[BRIEF]:
What is needed is a word-for-word transcript of the listing, free of pictures.

[DATA BELOW]:
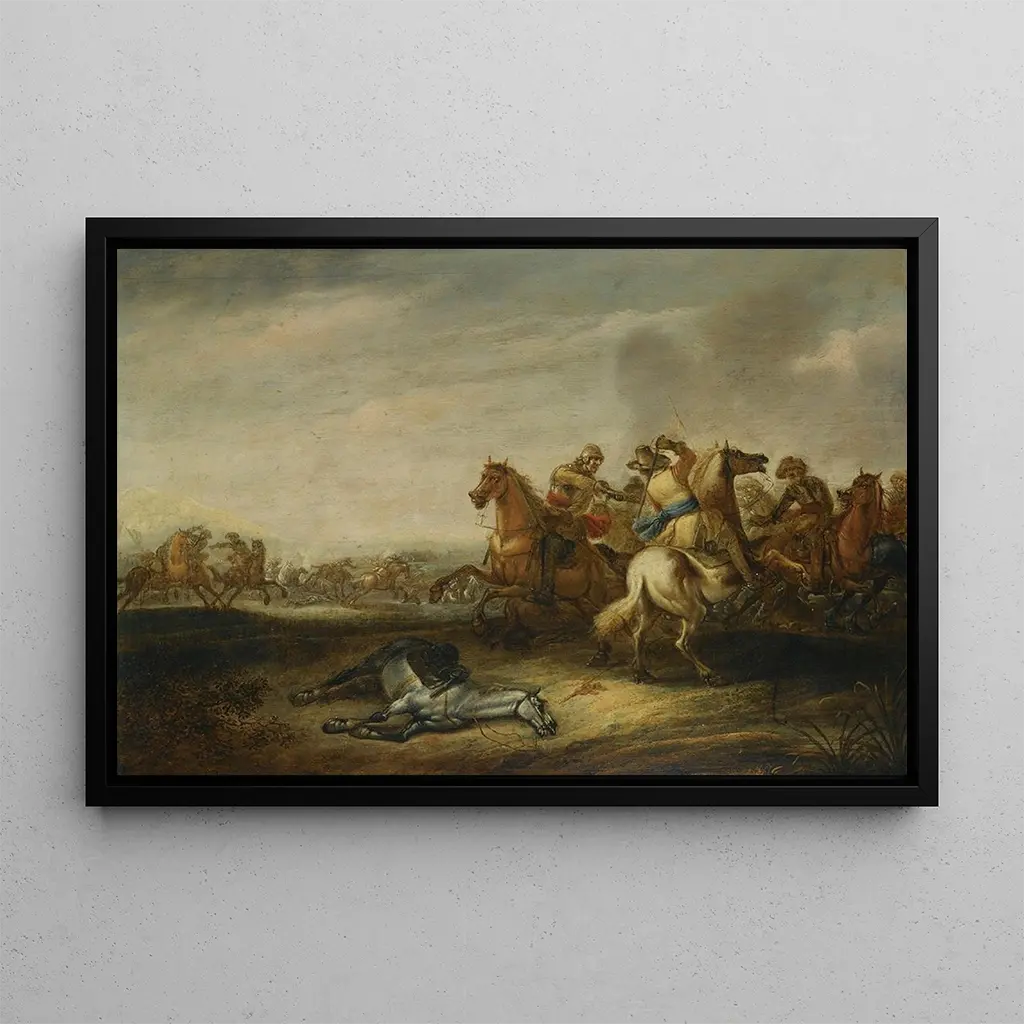 In "A Cavalry Battle," Abraham van der Hoef captures the intensity of a military confrontation through a dynamic composition. The horses, driven by palpable energy, blend with the silhouettes of the riders, creating a whirlwind of motion. The vivid colors, ranging from deep reds to bright blues, enhance the dramatic atmosphere of the scene. The artist's technique, which skillfully combines chiaroscuro, brings the characters and armor details to life, immersing the viewer in the frantic action of the battle.
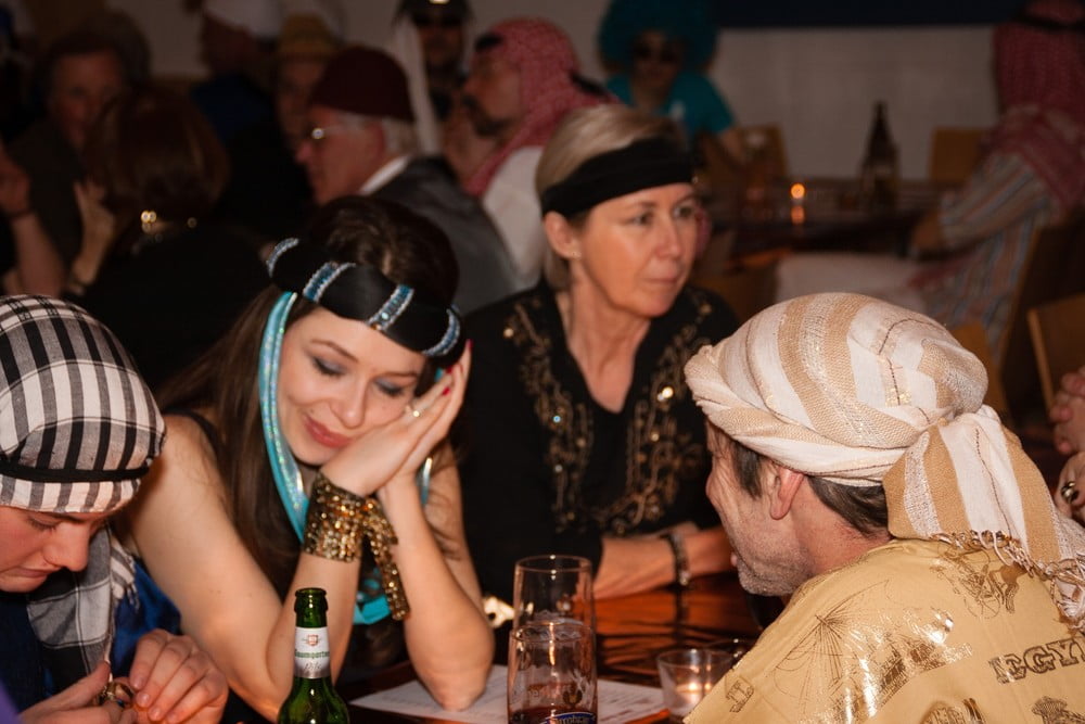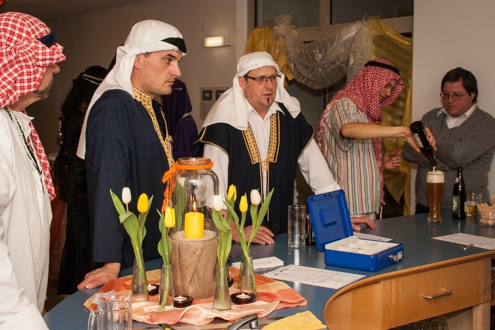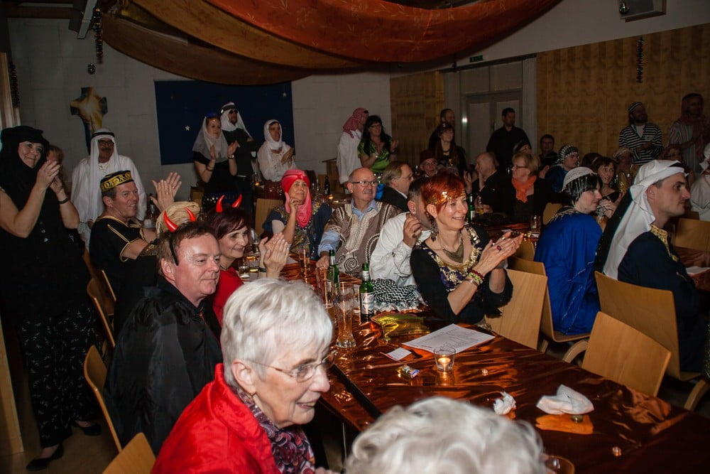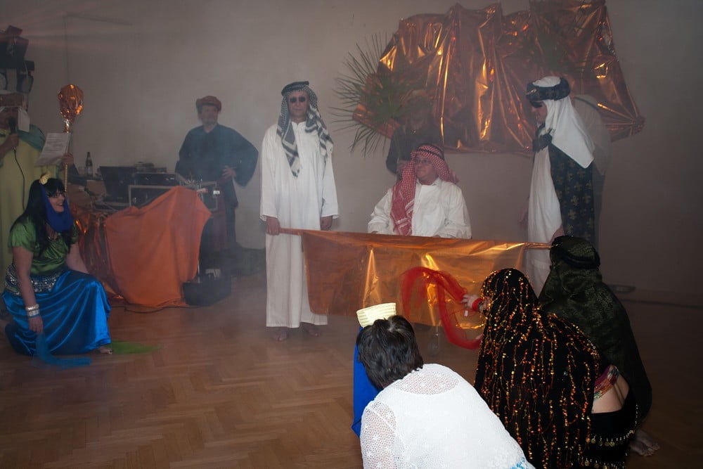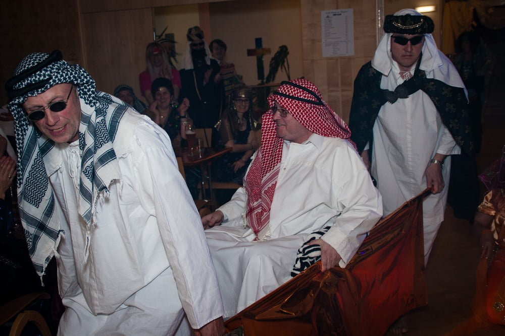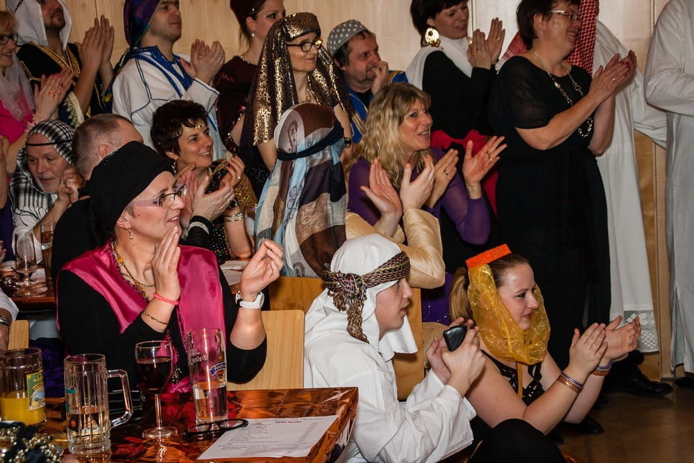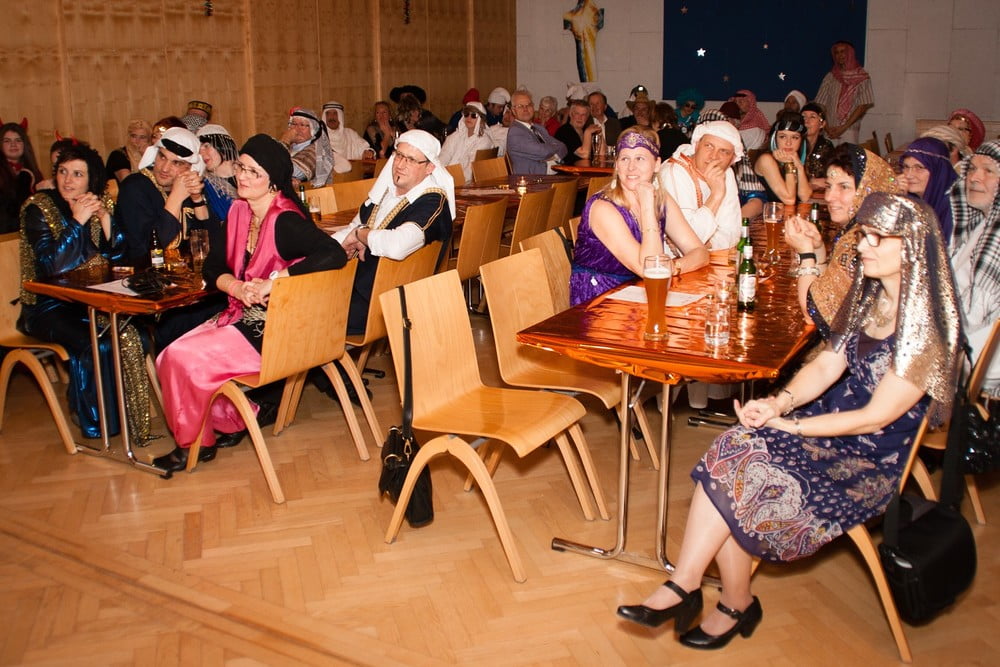 Scheichs, Kalifen, die Könige aus dem Morgenland, Beduinen, Bauchtänzerinnen und Haremsdamen stiegen am 28. Februar 2014 die Treppen zum Pfarrsaal hinauf, der wunderbar geschmückt zum Eintauchen in die "Geschichten von 1001 Nacht" einlud.
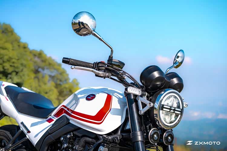 这是一款复古街车,发布于去年9月份。它是张老板为取悦用户而打造的一款车型,在整体风格上500F致敬了本田的CB400,所以外形还原度很高,复古头灯、圆形仪表、水滴油箱等极具辨识度。

[FINISHED TASK]:
 In "A Cavalry Battle," Abraham van der Hoef captures the intensity of a military confrontation through a dynamic composition. The horses, driven by palpable energy, blend with the silhouettes of the riders, creating a whirlwind of motion. The vivid colors, ranging from deep reds to bright blues, enhance the dramatic atmosphere of the scene. The artist's technique, which skillfully combines chiaroscuro, brings the characters and armor details to life, immersing the viewer in the frantic action of the battle.
 Scheichs, Kalifen, die Könige aus dem Morgenland, Beduinen, Bauchtänzerinnen und Haremsdamen stiegen am 28. Februar 2014 die Treppen zum Pfarrsaal hinauf, der wunderbar geschmückt zum Eintauchen in die "Geschichten von 1001 Nacht" einlud.
 这是一款复古街车,发布于去年9月份。它是张老板为取悦用户而打造的一款车型,在整体风格上500F致敬了本田的CB400,所以外形还原度很高,复古头灯、圆形仪表、水滴油箱等极具辨识度。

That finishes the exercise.